Resolution order: field-level parameter > Django settings > library default.

## Admin Integration

Encrypted fields appear in Django admin forms as normal input fields. In list views, values are masked automatically.

Masking options via the `mask` parameter:

```python
# Show last 4 characters (default): "*******6789"
ssn = EncryptedCharField(max_length=11, mask="last4")

# Fully masked: "***********"
secret = EncryptedCharField(max_length=100, mask="full")

# Custom callable
token = EncryptedCharField(max_length=100, mask=lambda v: v[:4] + "****")
```

The companion `_hash` column is never shown in admin forms (`editable=False`).

## File Fields

`EncryptedFileField` and `EncryptedImageField` encrypt file content at rest using `EncryptedFileSystemStorage`. Files are encrypted on save and decrypted on open.

```python
from encrypted_fields import EncryptedFileField, EncryptedImageField

class Document(models.Model):
    file = EncryptedFileField(upload_to="documents/")
    photo = EncryptedImageField(upload_to="photos/")
```

File content on disk is always ciphertext. Reading through Django's file API returns decrypted content transparently.

## Management Commands

### generate_encryption_key

Generate a Fernet encryption key and optional hash salt:

```bash
python manage.py generate_encryption_key
```

Output:

```
ENCRYPTED_FIELDS_KEY = "base64-encoded-key"
ENCRYPTED_FIELDS_HASH_SALT = "random-hex-salt"
```

Pass `--no-salt` to skip salt generation.

### reencrypt

Bulk re-encrypt and re-hash all encrypted field values. Use after key rotation or hash salt changes:

```bash
# Re-encrypt all encrypted fields across all models
python manage.py reencrypt

# Re-encrypt a specific model
python manage.py reencrypt myapp.Patient

# Re-encrypt a specific field
python manage.py reencrypt myapp.Patient.ssn

# Control batch size (default: 100)
python manage.py reencrypt --batch-size=500

# Preview without modifying data
python manage.py reencrypt --dry-run
```

## Development

### Setup

```bash
uv sync
```

### Testing

```bash
uv run pytest
```

The test suite includes 94 tests covering fields, lookups, providers, admin integration, forms, encrypted file storage, and the re-encryption command.
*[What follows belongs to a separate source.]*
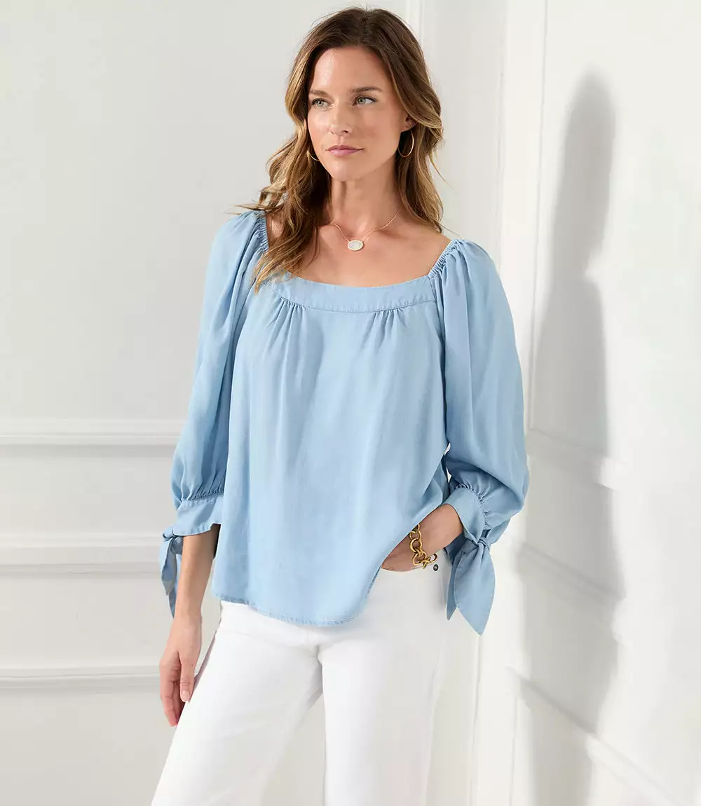 Soft chambray and darling ties delicately detail this warm weather top. It’s finished with a trend-right square neckline. This vintage-washed top has a soft touch and stretch for ease and comfort.
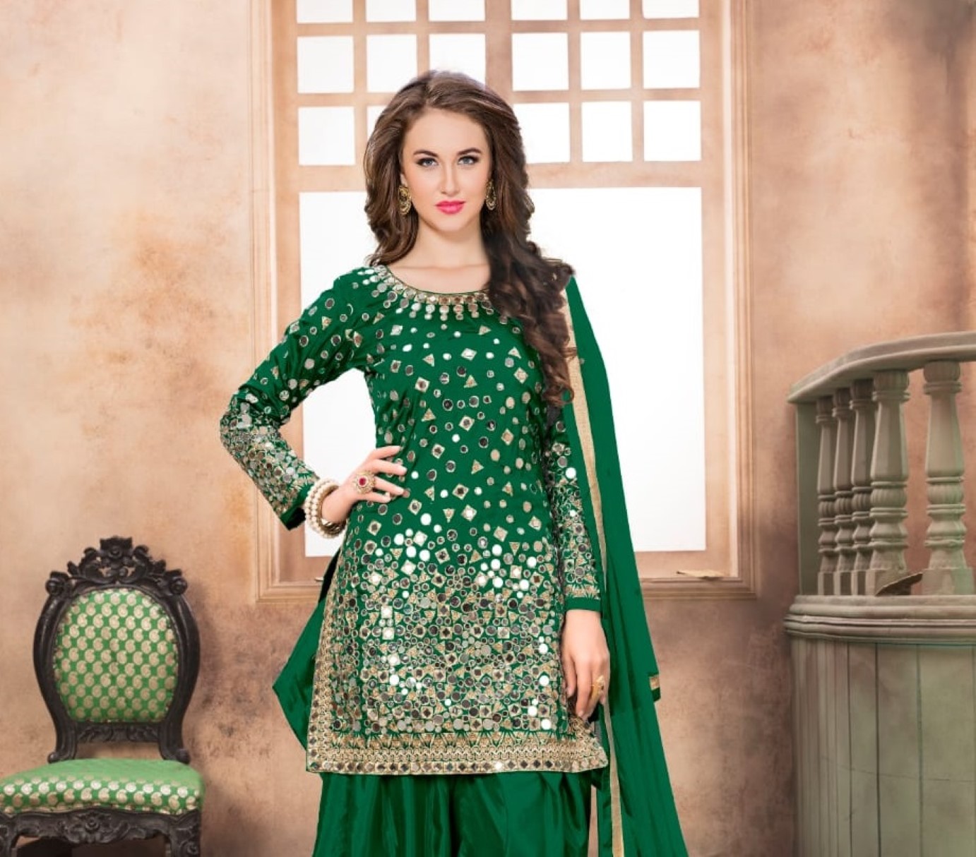 Green Embroidered Tapeta Silk Semi Stitched Salwar Suit

Tests use pytest-django with an in-memory SQLite database.

### Type Checking

```bash
uv run mypy encrypted_fields
```

Uses mypy with the [django-stubs](https://github.com/typeddjango/django-stubs) plugin for full Django type awareness.

### Linting

```bash
uv run ruff check .    # Lint
uv run ruff format .   # Format
```

## License

MIT. See [LICENSE](LICENSE) for details.

## Limitations

- **`QuerySet.update()`** encrypts the value but does not update the hash companion field. Use model instance `save()` instead.
- **`values()` / `values_list()`** returns ciphertext, not decrypted values. Access encrypted fields through model instances.
- **`order_by()`** is not meaningful on encrypted fields (ciphertext has no sort order).
- **Lookups** are limited to `exact`, `in`, and `isnull`. Partial matches (`contains`, `startswith`) and comparisons (`gt`, `lt`) are not possible on encrypted data.
- **`EncryptedBinaryField`** does not support `searchable=True`.